In the News: Hundreds of thousands of Cisco switches attacked

In the last couple of weeks, there have been multiple reports of hackers exploiting a security vulnerability in Cisco Smart Install Client tool to attack hundreds of thousands of network switches. Cisco had previously identified the vulnerability, published an advisory and provided patches. As is often the case, it appears that only a very small portion of network devices were updated immediately, leaving many of them vulnerable. In most of the attacks in this event, the router or switch had their configuration wiped out and were left inaccessible and inoperable, causing the network to become unavailable.

Notable with this Cisco hack is the unprecedented severity and scale of an attack affecting networking devices. While most network devices today leverage a mainstream Operating System (such as Linux), network vendors normally remove components and disable services that are not needed in a purpose-built network appliance, reducing the possible vulnerability surface. Another factor is that the fragmentation caused by proprietary customizations by each vendor make it more difficult for a hacker to affect a very large number of devices by exploiting a single vulnerability.

That is why most broad attacks usually target mainstream versions of hardware, operating systems and application frameworks used in consumer or data center computing devices.

A growing threat: With SDN, NFV, and white box networking, quick patching becomes essential

The current trend is the increasing use of commodity hardware with a mainline operating system and software in network nodes. This convergence enables the use of common tools to manage all systems in a large infrastructure, including networking, compute and storage systems. But it also gives hackers a large vulnerability surface to attack systems that were not attractive targets before.

With the adoption of these new technologies, a network can no longer count on the “security by obscurity” of vendor-proprietary architectures. As network devices use more mainstream hardware and software components, network engineers will have not only to pay more attention to security advisories and react quickly, but also make sure to have the tools and processes to prevent attacks and recover from a disruption.

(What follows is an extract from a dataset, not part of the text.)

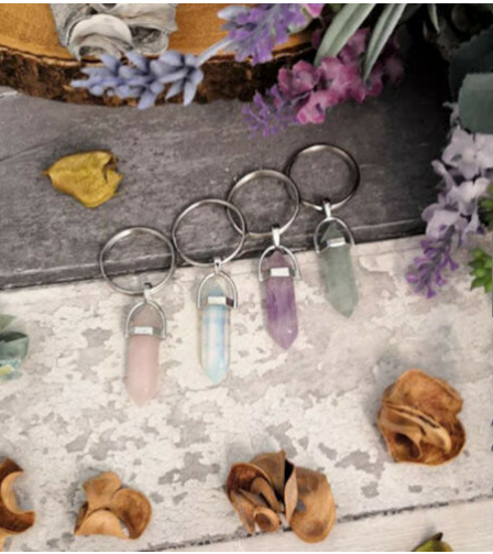 Natural Terminated Carved Point Crystal Keychain, Reiki Healing, Gemstone Keyring

Preventing attacks: The need for better configuration management and provisioning systems in networking

We have all become used to the automatic update in our cell phones and laptops to fix vulnerabilities quickly, but the same is not true for networking devices – and for good reason. Without vendor-neutral automated configuration management and provisioning systems, network operations groups in enterprise networks are conservative when introducing changes. Human error and configuration change are the two primary causes of network downtime, and so Network Engineers minimize firmware updates because they are afraid of creating disruptions.

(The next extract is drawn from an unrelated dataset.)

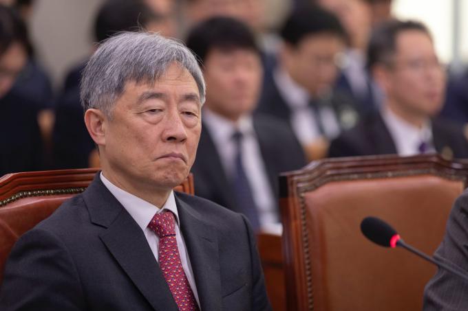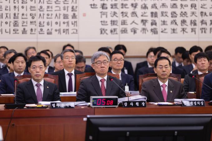 21일 오전 서울 여의도 국회에서 열린 법제사법위원회 종합국정감사에서 최재형 감사원장이 굳은 표정으로 의원 질의를 듣고 있다.

Automated configuration management and provisioning systems not only eliminate human errors (by far, the biggest cause of downtime), but also allow the roll-back of changes if they cause disruption. Monitoring of security threats is important, but without enabling patches and fixes to be quickly deployed, we will continue to see major attack events in networking from time to time.

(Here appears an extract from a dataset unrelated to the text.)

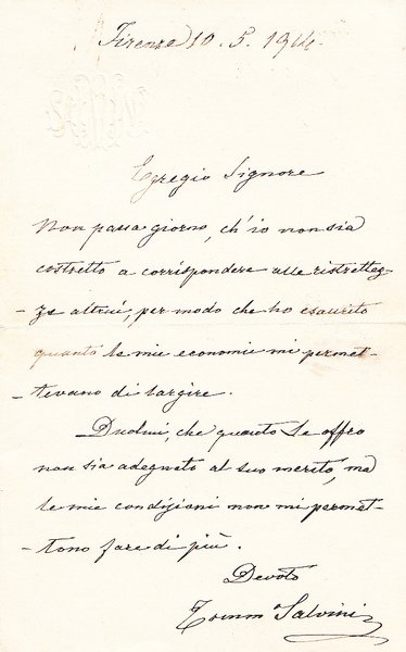 lettera manoscritta e firmata di Tommaso Salvini su carta intestata Salvini; lettera di 1 facciata datata Firenze, 10 maggio 1914 per un pagamento non adeguato; buon es.

Recovering from a Hack: Don’t rely on the network to manage the network

A reliable network infrastructure can leave network engineers with the feeling that they can always manage the network in-band (i.e. relying on network connectivity to manage network devices). Events such as this attack, which left the devices inoperable and brought the network down, are a strong reminder: when there is a network disruption, engineers need an alternative path to access and manage these devices without reliance on the production network. With an Out-of-Band Management infrastructure in place to maintain uptime, including 4G-LTE cellular access, network engineers can reduce the time-to-repair and ensure maximum network availability. So, when a vulnerability is exploited, the network can be up and running again in as short a time as possible.